**YOUR TASK**
Down to the last line, set down the listing below exactly, apart from its pictures.

**STORED DATA**
-.-.-
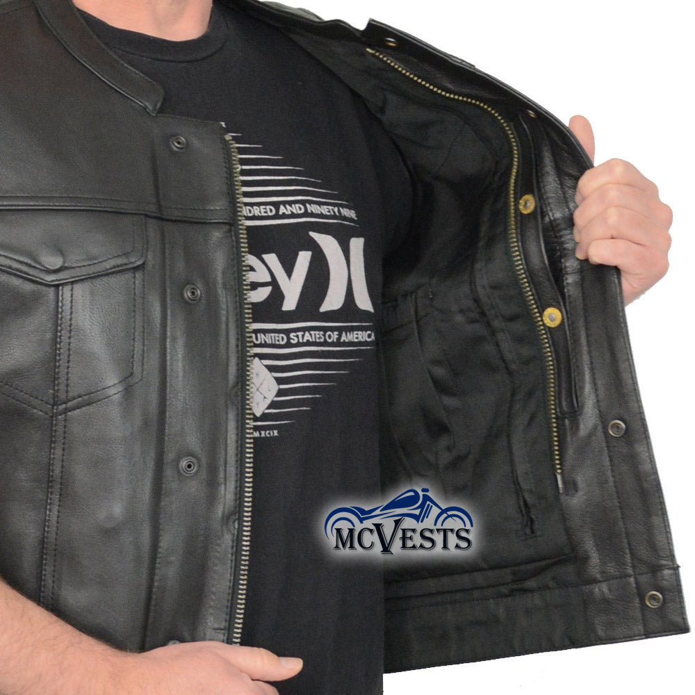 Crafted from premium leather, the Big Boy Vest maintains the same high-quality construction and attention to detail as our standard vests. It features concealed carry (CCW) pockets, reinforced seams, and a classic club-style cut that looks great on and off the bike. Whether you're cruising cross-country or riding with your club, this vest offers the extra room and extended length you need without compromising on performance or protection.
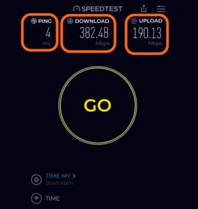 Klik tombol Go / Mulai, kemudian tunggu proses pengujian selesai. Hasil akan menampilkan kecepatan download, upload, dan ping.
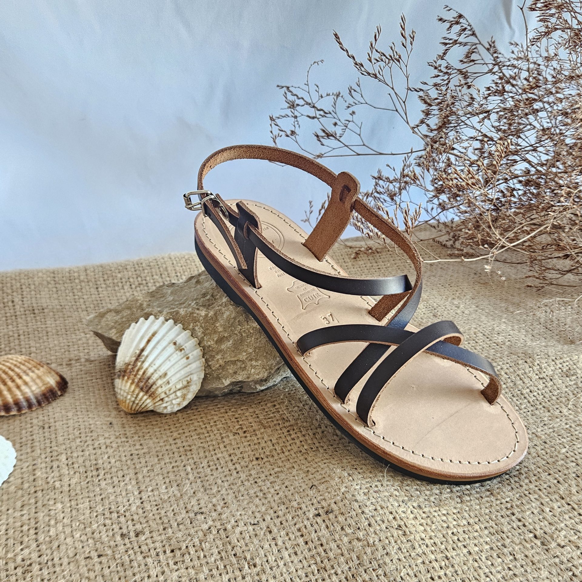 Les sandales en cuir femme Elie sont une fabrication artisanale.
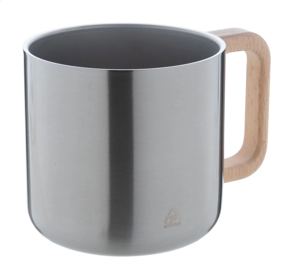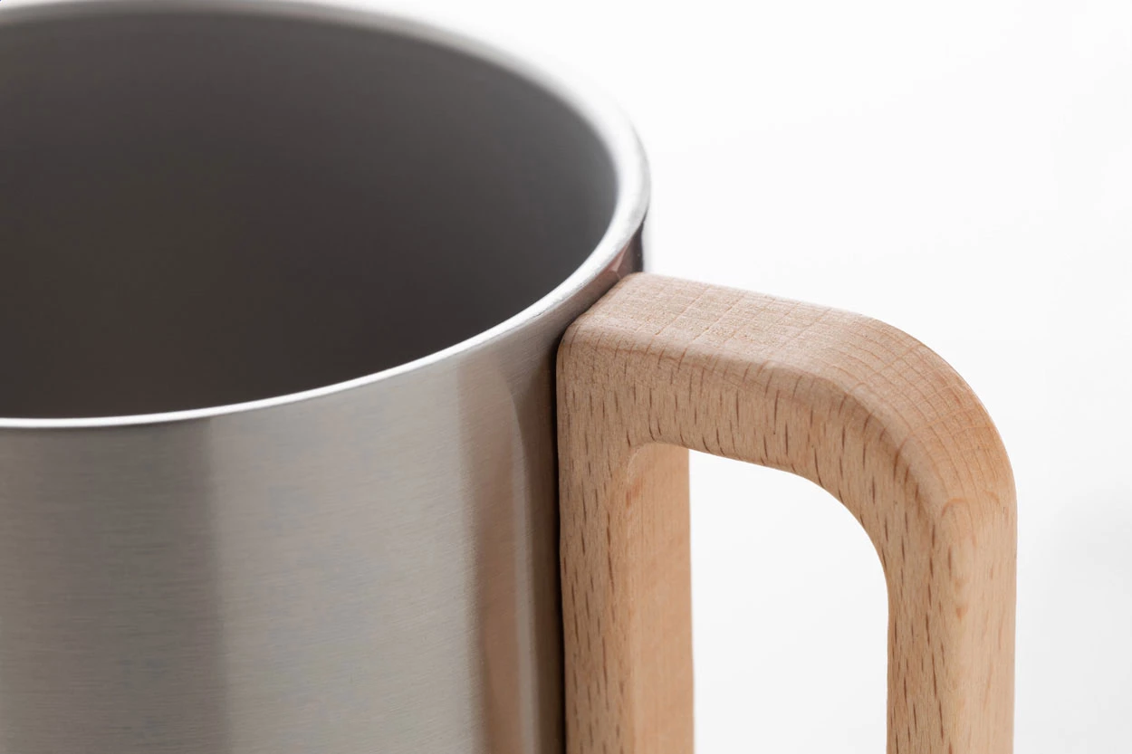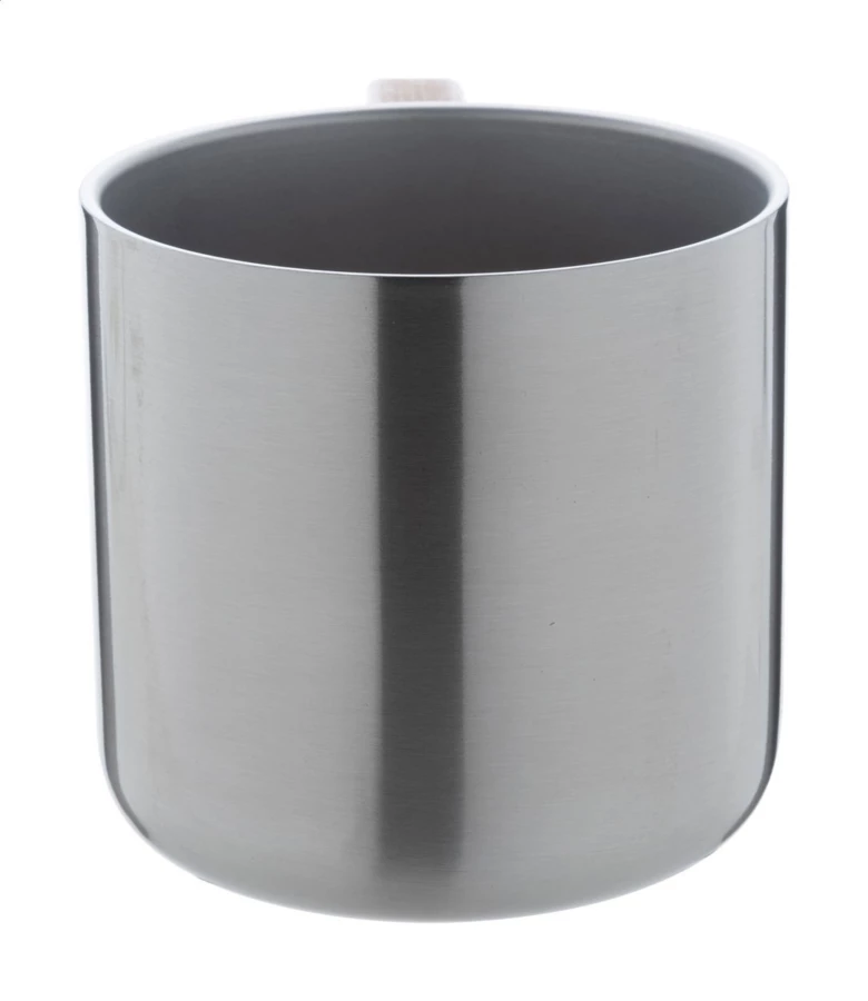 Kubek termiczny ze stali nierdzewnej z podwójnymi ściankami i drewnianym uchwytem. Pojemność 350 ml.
-.-.-
**THE COMPLETED TASK**
 Crafted from premium leather, the Big Boy Vest maintains the same high-quality construction and attention to detail as our standard vests. It features concealed carry (CCW) pockets, reinforced seams, and a classic club-style cut that looks great on and off the bike. Whether you're cruising cross-country or riding with your club, this vest offers the extra room and extended length you need without compromising on performance or protection.
 Klik tombol Go / Mulai, kemudian tunggu proses pengujian selesai. Hasil akan menampilkan kecepatan download, upload, dan ping.
 Les sandales en cuir femme Elie sont une fabrication artisanale.
 Kubek termiczny ze stali nierdzewnej z podwójnymi ściankami i drewnianym uchwytem. Pojemność 350 ml.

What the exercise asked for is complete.